▶ **What is being asked**:
Copy only the lines from the one with "Königlicher Schichtkuchen (Baumkuchen)" through the end of the records, exactly as they stand. No pictures belong in the copy.

▶ **Extracted records**:
........
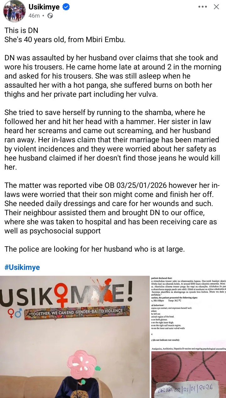 The incident was reported under OB 03/25/01/2026; however, her in-laws feared that their son might return to harm Faith again. She required daily dressings and care for her injuries. A neighbor helped them by bringing Faith to the Usikimye office, where she was taken to the hospital for treatment and received psychosocial support.
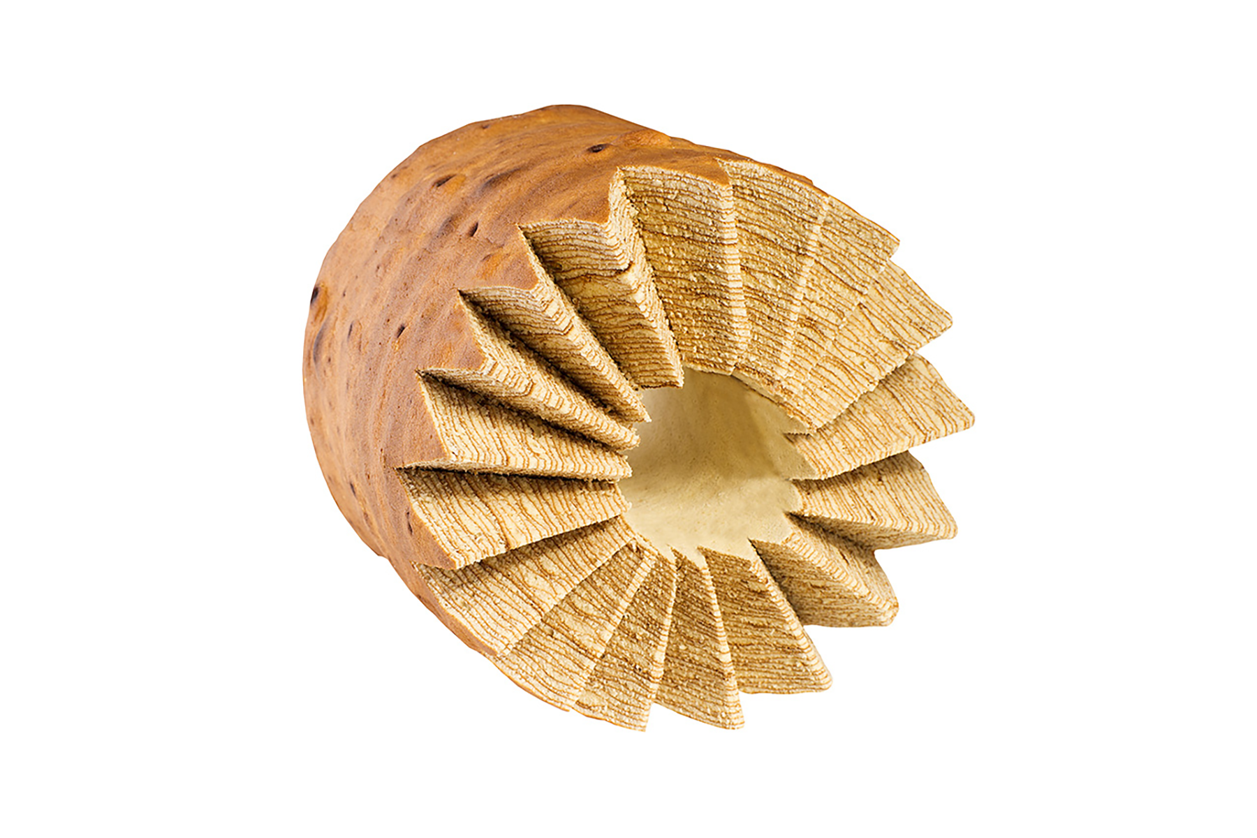 Königlicher Schichtkuchen (Baumkuchen) von SECPOL ist ein Kuchen, der nach unserer eigenen Rezeptur und nach der für Schichtkuchen typischen Backmethode – Schicht für Schicht – hergestellt wird, wodurch ein einzigartiges Muster entsteht, das dem Querschnitt eines Baumstamms ähnelt. Seine ungewöhnliche Form ist das Ergebnis vieler Stunden mühsamer und perfekter Wärmebehandlung durch erfahrene Bäcker.
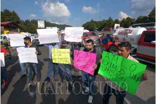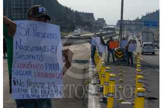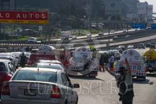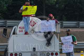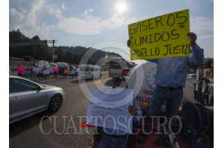OCOYOACAC, ESTADO DE MÉXICO, 11OCTUBRE2021.- Integrantes del Gremio Nacional de Gaseros bloquearon algunos carriles de la carretera México-Toluca como parte del Paro Nacional de Labores y piden ser tomas en cuenta en la regulación del precio del gas LP, ya que con el tope máximo del precio sus ganancias disminuyeron considerablemente. FOTO: CRISANTA ESPINOSA AGUILAR /CUARTOSCURO.COM
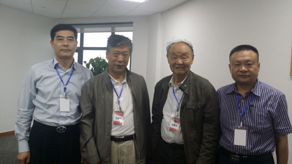 中國工程院馬克儉院士(右二),肖緒文院士(左二),山東建筑大學(xué)周學(xué)軍院長(右一)與董事長苗樹文(左一)合影
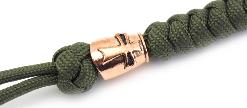 Темляк плетёный с бусиной в форме шлема крестоносца бронзового цвета. Шнур изготовлен из зеленого нейлона. Благодаря темляку нож удобно доставать, при диагональном хвате он удлиняет рукоять, а так же служит балансиром для большей управляемости ножа.Плетение: "змейка"
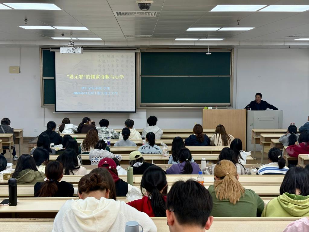 11月6号下午,公司邀请到了来自浙江省社科院李旭博士作为主讲人,在2N215为同学们讲述“思无邪”的儒家诗教与心学,讲座由公司辅导员郑老师主持。
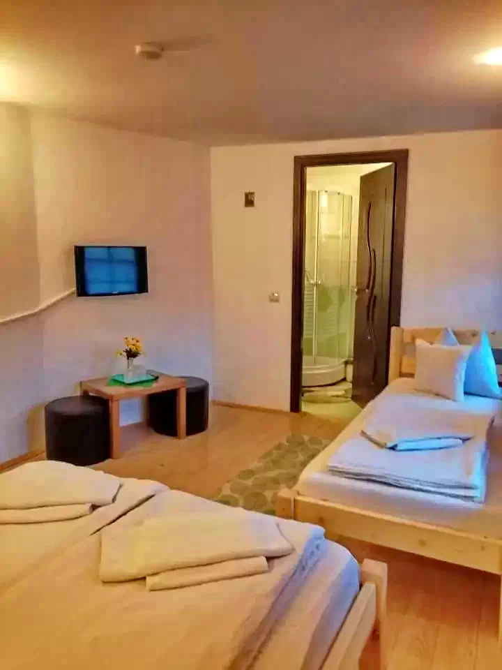 Oferim două camere de 2 persoane, două de 3 persoane și două de 4 persoane .
........
▶ **The completed task**:
 Königlicher Schichtkuchen (Baumkuchen) von SECPOL ist ein Kuchen, der nach unserer eigenen Rezeptur und nach der für Schichtkuchen typischen Backmethode – Schicht für Schicht – hergestellt wird, wodurch ein einzigartiges Muster entsteht, das dem Querschnitt eines Baumstamms ähnelt. Seine ungewöhnliche Form ist das Ergebnis vieler Stunden mühsamer und perfekter Wärmebehandlung durch erfahrene Bäcker.
OCOYOACAC, ESTADO DE MÉXICO, 11OCTUBRE2021.- Integrantes del Gremio Nacional de Gaseros bloquearon algunos carriles de la carretera México-Toluca como parte del Paro Nacional de Labores y piden ser tomas en cuenta en la regulación del precio del gas LP, ya que con el tope máximo del precio sus ganancias disminuyeron considerablemente. FOTO: CRISANTA ESPINOSA AGUILAR /CUARTOSCURO.COM
 中國工程院馬克儉院士(右二),肖緒文院士(左二),山東建筑大學(xué)周學(xué)軍院長(右一)與董事長苗樹文(左一)合影
 Темляк плетёный с бусиной в форме шлема крестоносца бронзового цвета. Шнур изготовлен из зеленого нейлона. Благодаря темляку нож удобно доставать, при диагональном хвате он удлиняет рукоять, а так же служит балансиром для большей управляемости ножа.Плетение: "змейка"
 11月6号下午,公司邀请到了来自浙江省社科院李旭博士作为主讲人,在2N215为同学们讲述“思无邪”的儒家诗教与心学,讲座由公司辅导员郑老师主持。
 Oferim două camere de 2 persoane, două de 3 persoane și două de 4 persoane .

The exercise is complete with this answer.